My boyfriend is trying to explain cricket to me again. “He’s only got two balls to make 48 runs”, he says. The camera focuses on a man. Underneath him it says LEFT ARM FAST MEDIUM. A ball flies into the stands and presumably fractures someone’s skull. “There’s a free six”, my boyfriend says. 348 SIXES says the screen. A child in the audience waves a sign referencing Weet-Bix

The first time he showed me this I assumed he was pranking me

if people haven’t been exposed to cricket before, here is the experience. The person who likes cricket turns on a radio with an air of happy expectation. “We’ll just catch up with the cricket,” they say. 

An elderly British man with an accent - you can picture exactly what he looks like and what he is wearing, somehow, and you know that he will explain the important concept of Yorkshire to you at length if you make eye contact - is saying “And w’ four snickets t’ wicket, Umbleby dives under the covers and romps home for a sticky bicket.”

There is a deep and satisfied silence. Weather happens over the radio. This lasts for three minutes.

A gentle young gentleman with an Indian accent, whose perfect and beautiful clear voice makes him sound like a poet sipping from a cup of honeyed drink always, says mildly “Of course we cannot forget that when Pakistan last had the biscuit under the covers, they were thrown out of bed. In 1957, I believe.”

You mouth “what the fucking fuck.”

A morally ambiguous villain from a superhero movie says off-microphone, “Crumbs everywhere.”

Apparently continuing a previous conversation, the villain asks, “Do seagulls eat tacos?”

“I’m sure someone will tell us eventually,” the poet says. His voice is so beautiful that it should be familiar; he should be the only announcer on the radio, the only reader of audiobooks.

The villain says with sudden interest, “Oh, a leg over straight and under the covers, Peterson and Singh are rumping along with a straight fine leg and good pumping action. Thanks to his powerful thighs, Peterson is an excellent legspinner, apart from being rude on Twitter.”
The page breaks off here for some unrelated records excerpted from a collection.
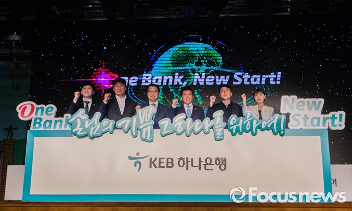 (서울=포커스뉴스) 13일 오후 서울 중구 KEB 하나은행 본점에서 열린 'One Bank, New Start' 선언식에 참석한 주요 내빈과 임직원들이 새로운 출발의 결의를 다지며 구호를 외치고 있다. 좌측 두번째부터 김창근 노조위원장, 진웅섭 금융감독원장, 함영주 KEB 하나은행장, 김근용 한국외환은행지부 노조위원장
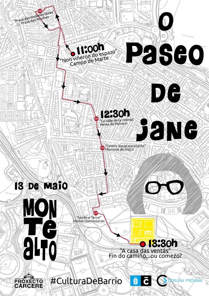 El titular de Culturas explicó que esta primera propuesta de Proxecto Cárcere, "una entidad sociocultural perfectamente integrada en la ciudad y que defiende el uso vecinal de un espacio con el que, hasta hace poco, no se podía contar", tiene como referencia los Jane's Walks canadienses, unos paseos que se celebran desde hace 10 años con el objetivo de celebrar la figura de la activista Jane Jacobs, quien defendía que el vecindario de un lugar "es quien mejor lo conoce". "La idea que presentamos hoy es que sean las vecinas y vecinos de Monte Alto las personas que hablen, a través de una ruta, de su barrio, para poner en valor ese alto grado de conocimiento que tienen de su territorio", señaló Sande.
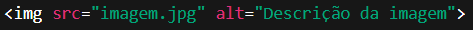 EXEMPLO: < img src="foto.jpg" alt="Descrição da imagem" >
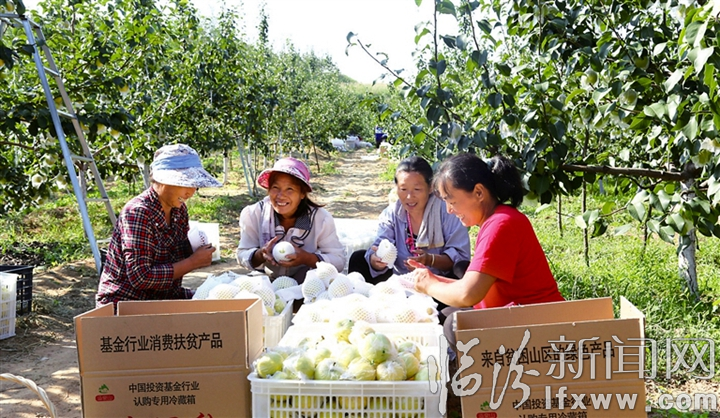 临汾新闻网讯 初秋时节,湛蓝的天空下,黄澄澄、金灿灿的梨挂满了汾西县团柏乡梨园的沟沟坎坎,片片绿油油的果园里,金梨散发着淡淡的清香,果农们辛勤地除草、摘果、套袋、装筐,等候的客商们把一车车“金蛋蛋”运向了北、上、广、深等地,丰收的喜悦映满了果农的幸福。
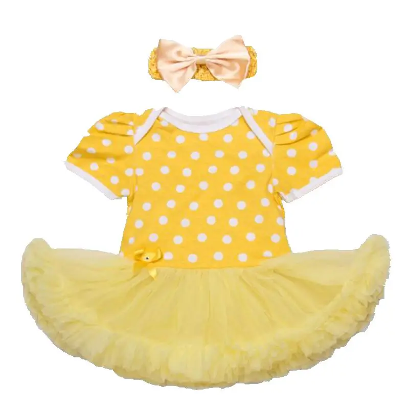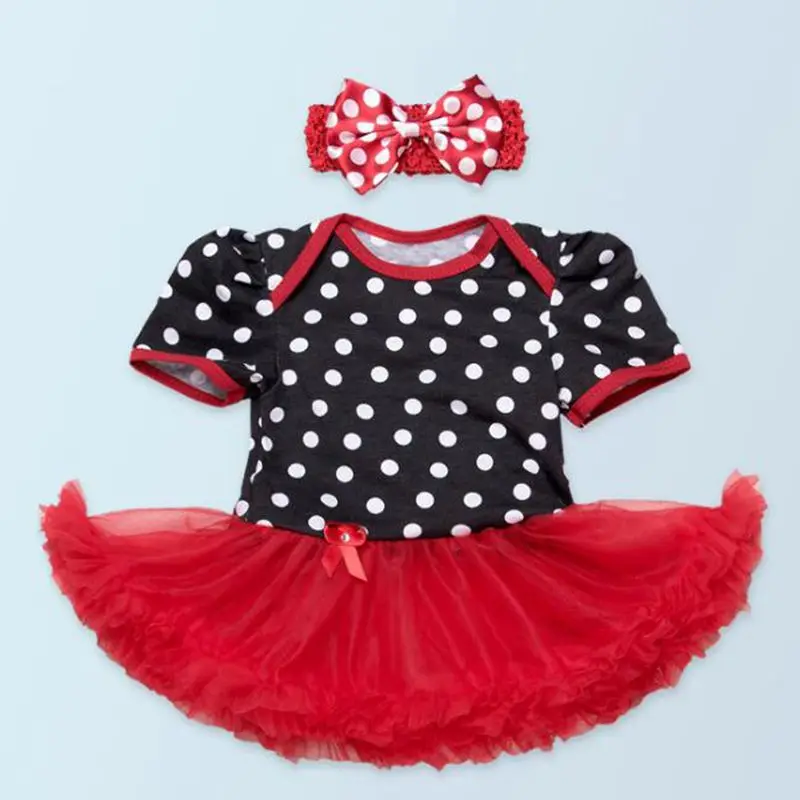 Красочный новорожденный детское праздничное платье с коротким рукавом Детское кружевное платье + ободок набор Vestido Bebe горошек День рождения костюмы
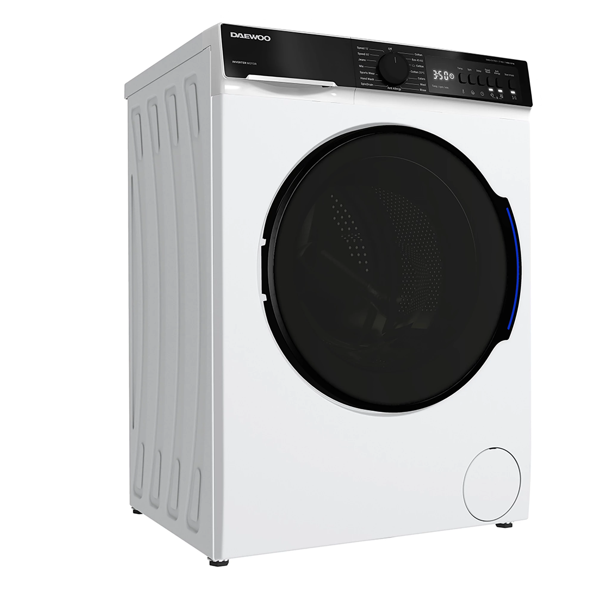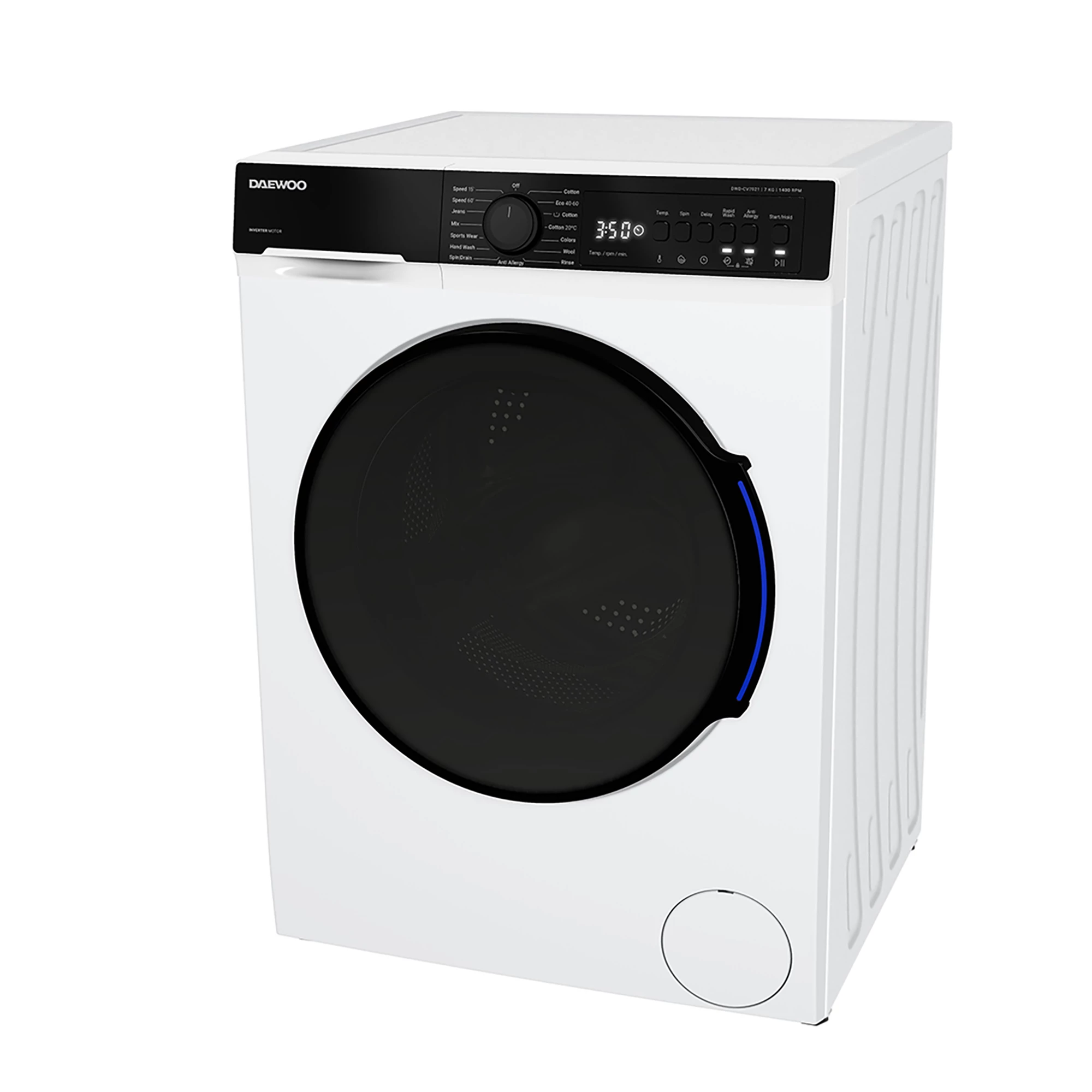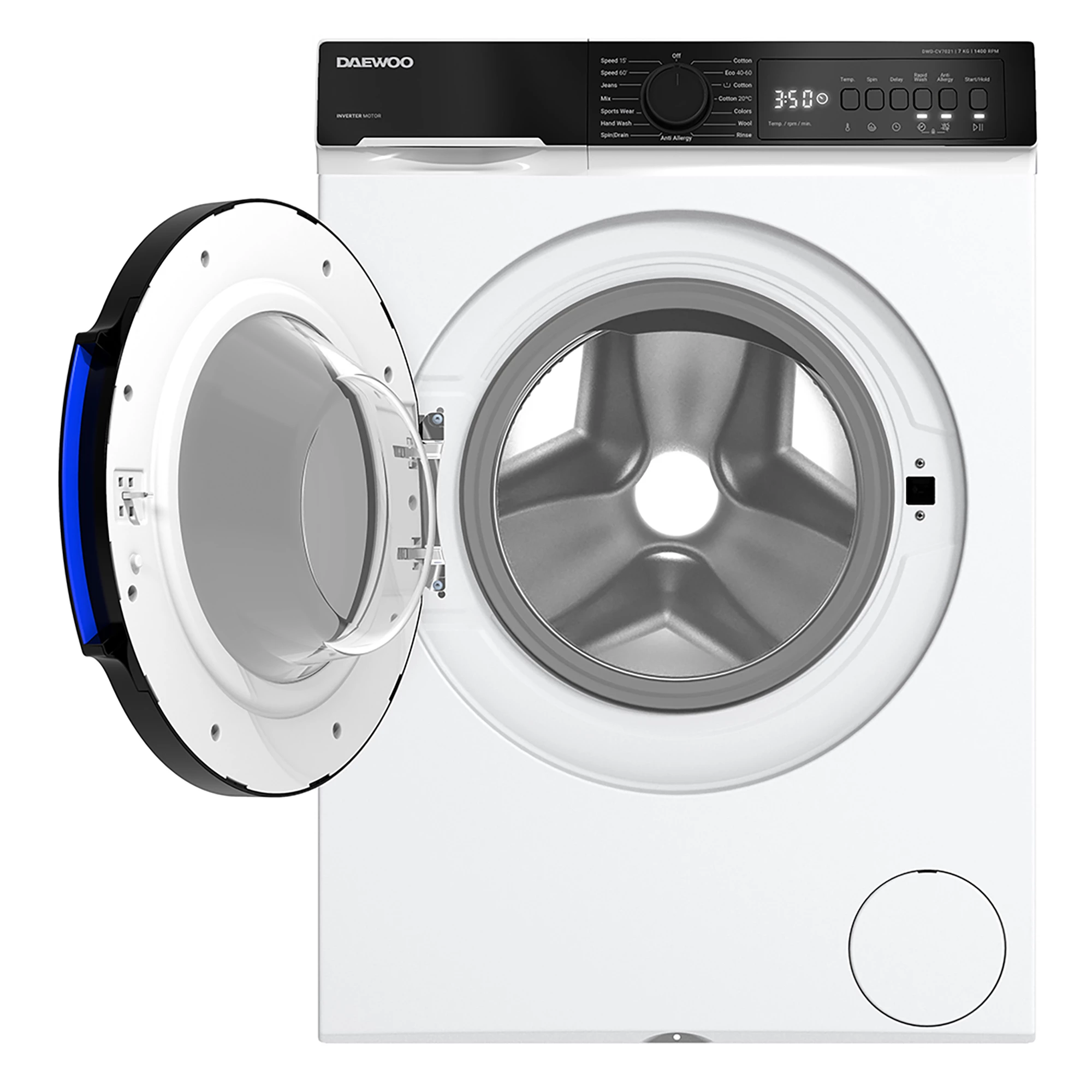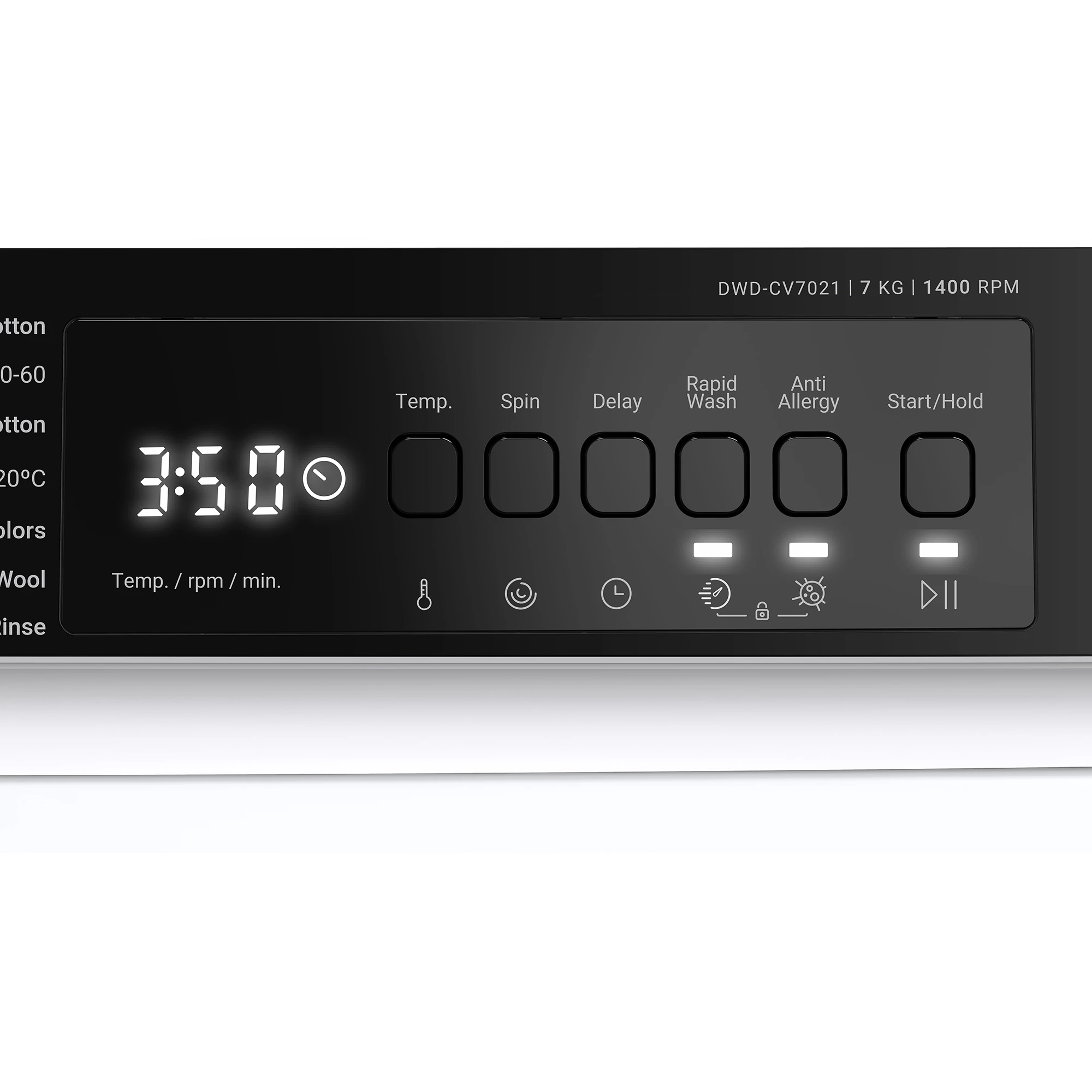 Masina de spalat rufe Daewoo DWD-CV7021, 7 kg / 1400rpm, 53cm, clasa A, motor inverter, Display, Panou negru + usa dubla neagra, 15 program, Alb

The man from Yorkshire roars potently, like a bull seeing another bull. There might be words in his roar, but otherwise it is primal and sizzling.

“That isn’t straight,” the poet says. “It’s silly.”

What the fucking fuck,” you say out loud at this point.

“Shh,” says the person who likes cricket. They listen, tensely. Something in the distance makes a very small “thwack,” like a baby dropping an egg.

“Was that a doosra or a googly?” the villain asks.

“IT’S A WRONG ‘UN,” roars the Yorkshireman in his wrath. A powerful insult has been offered. They begin to scuffle.

“With that double doozy, Crumpet is baffled for three turns, Agarwal is deep in the biscuit tin and Padgett has gone to the shops undercover,” the poet says quickly, to cover the action while his companions are busy. The villain is being throttled, in a friendly companionable way.

An intern apparently brings a message scrawled on a scrap of paper like a courier sprinting across a battlefield. “Reddy has rolled a nat 20,” the poet says with barely contained excitement. “Australia is both a continent and an island. But we’re running out of time!”

“Is that true?” You ask suddenly.

“Shh!” Says the person who likes cricket. “It’s a test match.”

“About Australia.”

“We won’t know THAT until the third DAY.”

A distant “pock” noise. The sound of thirty people saying “tsk,” sorrowfully.

“And the baby’s dropped the egg. Four legs over or we’re done for, as long as it doesn’t rain.”

The villain might be dead? You begin to find yourself emotionally invested.

There are mild distant cheers. “Oh, and with twelve sticky wickets t’ over and t’ seagull’s exploded,” the man from the North says as if all of his dreams have come true. “What a beautiful day.” Your person who likes cricket relaxes. It is tea break.

The villain, apparently alive, describes the best hat in the audience as “like a funnel made of dove-colored net, but backwards, with flies trapped in it.”

This is every bit as good as that time in Australia in 1975, they all agree, drinking their tea and eating home-made cakes sent in by the fans. The poet comments favorably on the icing and sugar-preserved violets. The Yorkshire man discourses on the nature of sponge. The villain clatters his cup too hard on his saucer. To cover his embarrassment, the poet begins scrolling through Twitter on his phone, reading aloud the best memes in his enchanting milky voice. Then, with joy, he reads an @ from an ornithologist at the University of Reading: seagulls do eat tacos! A reference is cited; the poet reads it aloud. Everyone cheers.

You are honestly - against your will - kind of into it! but also: weirdly enraged.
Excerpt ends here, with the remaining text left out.